— Task requirements —
Write the listing out again word for word, leaving each picture behind.
BEGIN Provided data
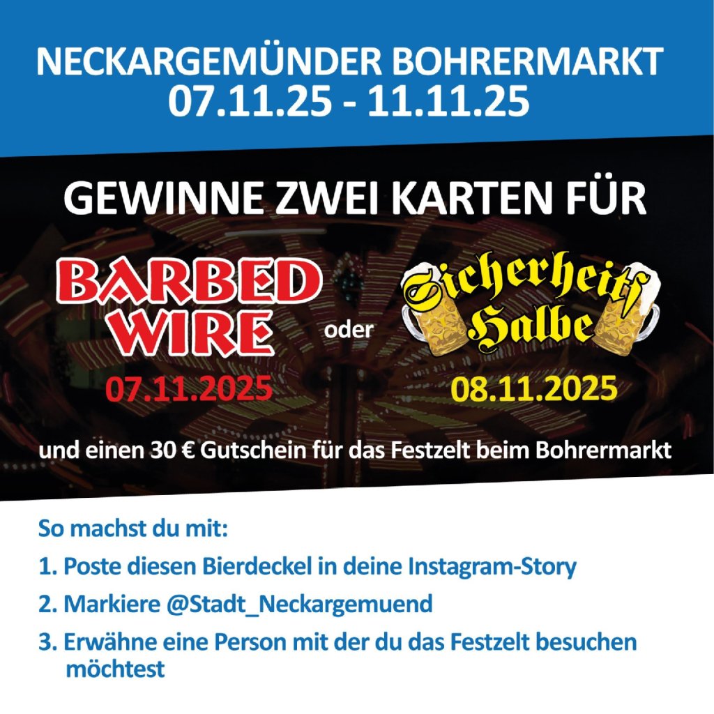 Am ersten Novemberwochenende geht es alljährlich rund in Neckargemünd: Bunte Fahrgeschäfte, Stimmung und gute Laune im Festzelt – der Bohrermarkt in Neckargemünd wird stets sehnsüchtig erwartet. Er ist das letzte Fest im Reigen der Jahrmärkte und Kerwen im weiten Umkreis. Im großen Festzelt unter der Friedensbrücke gibt es kulinarische Leckereien in bester Kerwe-Tradition. Zünftige bis rockige Musik und ein abwechslungsreiches Programm sorgen für Volksfeststimmung bei Jung und Alt. Auch die zahlreichen Verkaufsstände und Fahrgeschäfte sind bestens auf den Ansturm der Besucher gerüstet.
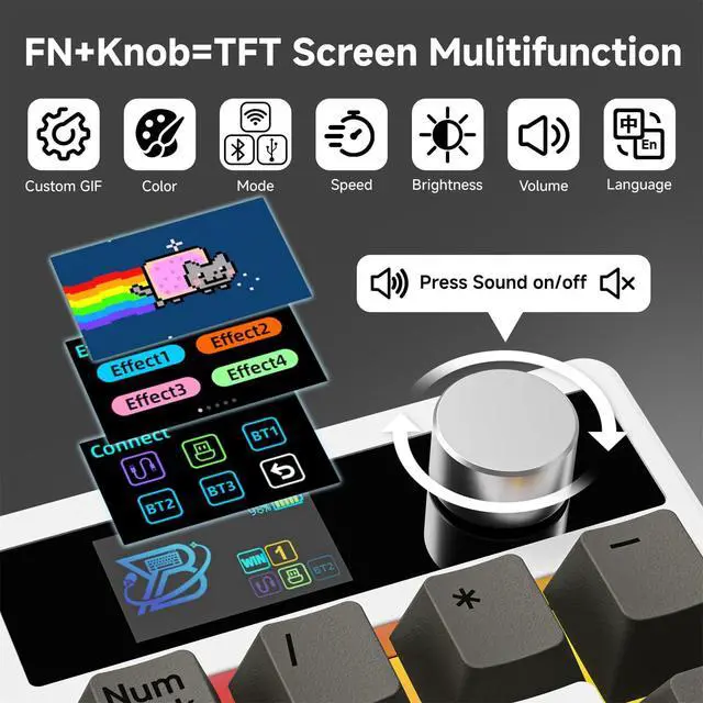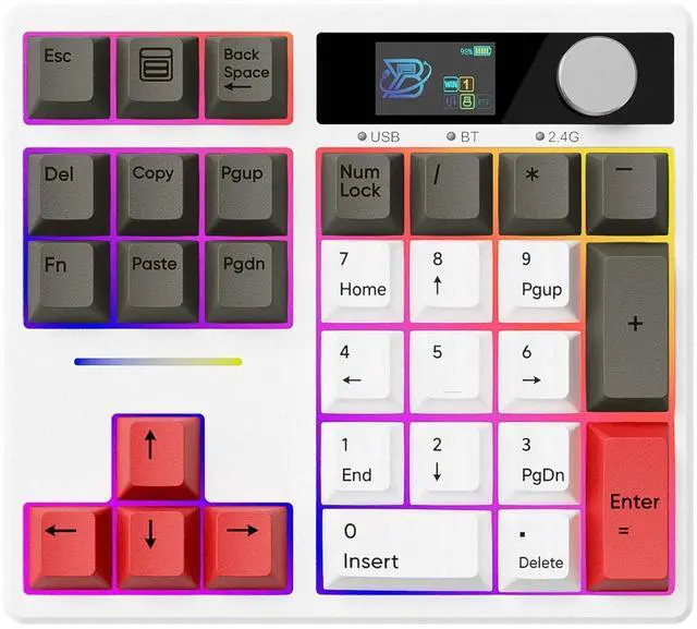 ROTARY KNOB AND COLOR SCREEN: The mechanical numeric keypad with color smart display is an interactive interface that can be updated and customized in real time. The multifunctional display can switch language, connectivity, operating system and lighting effects. Multimedia knob for volume and screen control. This mini small numpad strikes the perfect balance between functionality and space-saving design ^^ TRIPLE MODE CONNECTION & 1000MAH
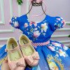 Confeccionado em tecido misto possui forro em poliéster e algodão para não machucar a criança e proporcionando um caimento incrível e sofisticado, possui gola redonda, comprimento médio, mangas curtas, possui elástico nas costas para melhor ajuste, acabamento com lindo laço na parte posterior do vestido completa o look dos sonhos! <a href=”http://bellikids.com.br/wp-content/uploads/2022/07/img-7124-11.jpg”></a> * Medidas podem variar em até 2cm * Caso queira o vestido mais armado, recomendamos o uso do saiote ou anágua de armação, disponível no nosso site na categoria acessórios.* Tiara vendida separadamente, disponível em nosso site na categoria acessórios.
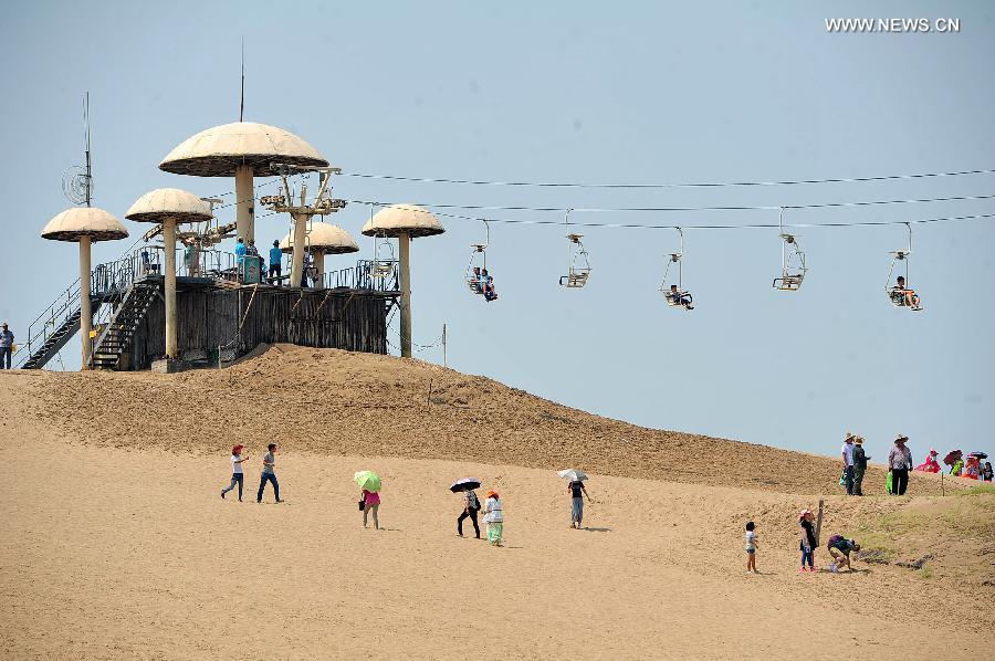 Tourists take cable cars over the desert in Shahu Lake scenic spot in northwest China's Ningxia Hui Autonomous Region, July 27, 2014. As the summer peak season comes, Shahu Lake, the desert wetlands, is expected to receive 20,000 tourist visits per day. (Xinhua/Peng Zhaozhi)
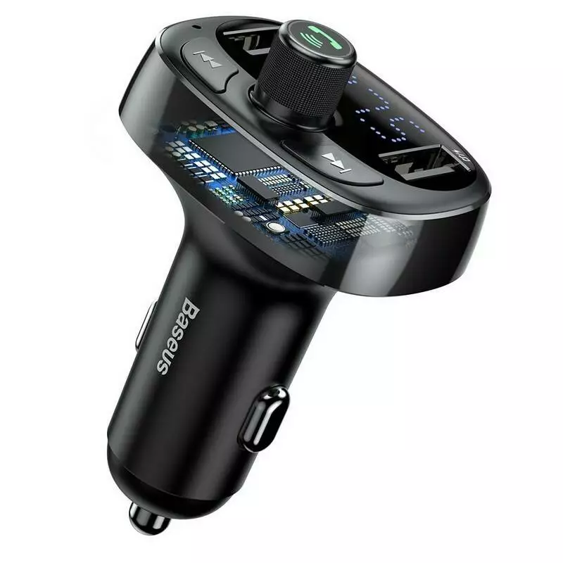 FM-трансмиттер модулятор Baseus + Автомобильное зарядное устройство Bluetooth 2.4A 2USB Black (CCALL-TM01)
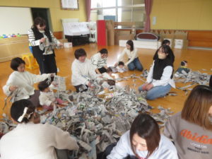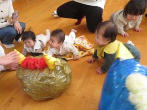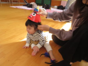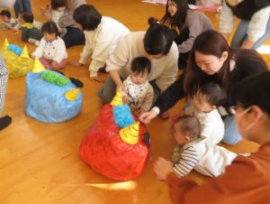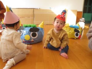 1月21日(水)蝶屋こども園 施設開放日に「新聞であそぼう!鬼さんをやっつけろ」をおこないました。たくさんの新聞を思い切りビリビリと破り、シャワーのようにかけたり、破った新聞の上をはいはいしたりして楽しみました。たくさん遊んだ後は、新聞をポリ袋に詰めると可愛い鬼さんの出来上がり!不思議そうに見つめながら近寄り、鬼さんにタッチして鬼のとんがり帽子をもらいました。
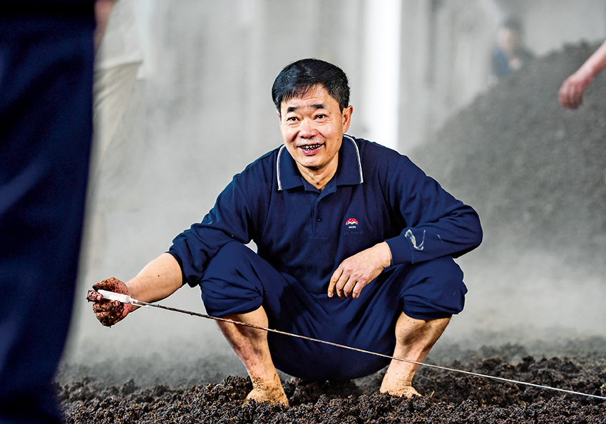 严刚测量酒醅温度,判断堆积发酵情况(贵州日报天眼新闻记者 / 陈慧 摄)
END Provided data
— Response —
 Am ersten Novemberwochenende geht es alljährlich rund in Neckargemünd: Bunte Fahrgeschäfte, Stimmung und gute Laune im Festzelt – der Bohrermarkt in Neckargemünd wird stets sehnsüchtig erwartet. Er ist das letzte Fest im Reigen der Jahrmärkte und Kerwen im weiten Umkreis. Im großen Festzelt unter der Friedensbrücke gibt es kulinarische Leckereien in bester Kerwe-Tradition. Zünftige bis rockige Musik und ein abwechslungsreiches Programm sorgen für Volksfeststimmung bei Jung und Alt. Auch die zahlreichen Verkaufsstände und Fahrgeschäfte sind bestens auf den Ansturm der Besucher gerüstet.
 ROTARY KNOB AND COLOR SCREEN: The mechanical numeric keypad with color smart display is an interactive interface that can be updated and customized in real time. The multifunctional display can switch language, connectivity, operating system and lighting effects. Multimedia knob for volume and screen control. This mini small numpad strikes the perfect balance between functionality and space-saving design ^^ TRIPLE MODE CONNECTION & 1000MAH
 Confeccionado em tecido misto possui forro em poliéster e algodão para não machucar a criança e proporcionando um caimento incrível e sofisticado, possui gola redonda, comprimento médio, mangas curtas, possui elástico nas costas para melhor ajuste, acabamento com lindo laço na parte posterior do vestido completa o look dos sonhos! <a href=”http://bellikids.com.br/wp-content/uploads/2022/07/img-7124-11.jpg”></a> * Medidas podem variar em até 2cm * Caso queira o vestido mais armado, recomendamos o uso do saiote ou anágua de armação, disponível no nosso site na categoria acessórios.* Tiara vendida separadamente, disponível em nosso site na categoria acessórios.
 Tourists take cable cars over the desert in Shahu Lake scenic spot in northwest China's Ningxia Hui Autonomous Region, July 27, 2014. As the summer peak season comes, Shahu Lake, the desert wetlands, is expected to receive 20,000 tourist visits per day. (Xinhua/Peng Zhaozhi)
 FM-трансмиттер модулятор Baseus + Автомобильное зарядное устройство Bluetooth 2.4A 2USB Black (CCALL-TM01)
 1月21日(水)蝶屋こども園 施設開放日に「新聞であそぼう!鬼さんをやっつけろ」をおこないました。たくさんの新聞を思い切りビリビリと破り、シャワーのようにかけたり、破った新聞の上をはいはいしたりして楽しみました。たくさん遊んだ後は、新聞をポリ袋に詰めると可愛い鬼さんの出来上がり!不思議そうに見つめながら近寄り、鬼さんにタッチして鬼のとんがり帽子をもらいました。
 严刚测量酒醅温度,判断堆积发酵情况(贵州日报天眼新闻记者 / 陈慧 摄)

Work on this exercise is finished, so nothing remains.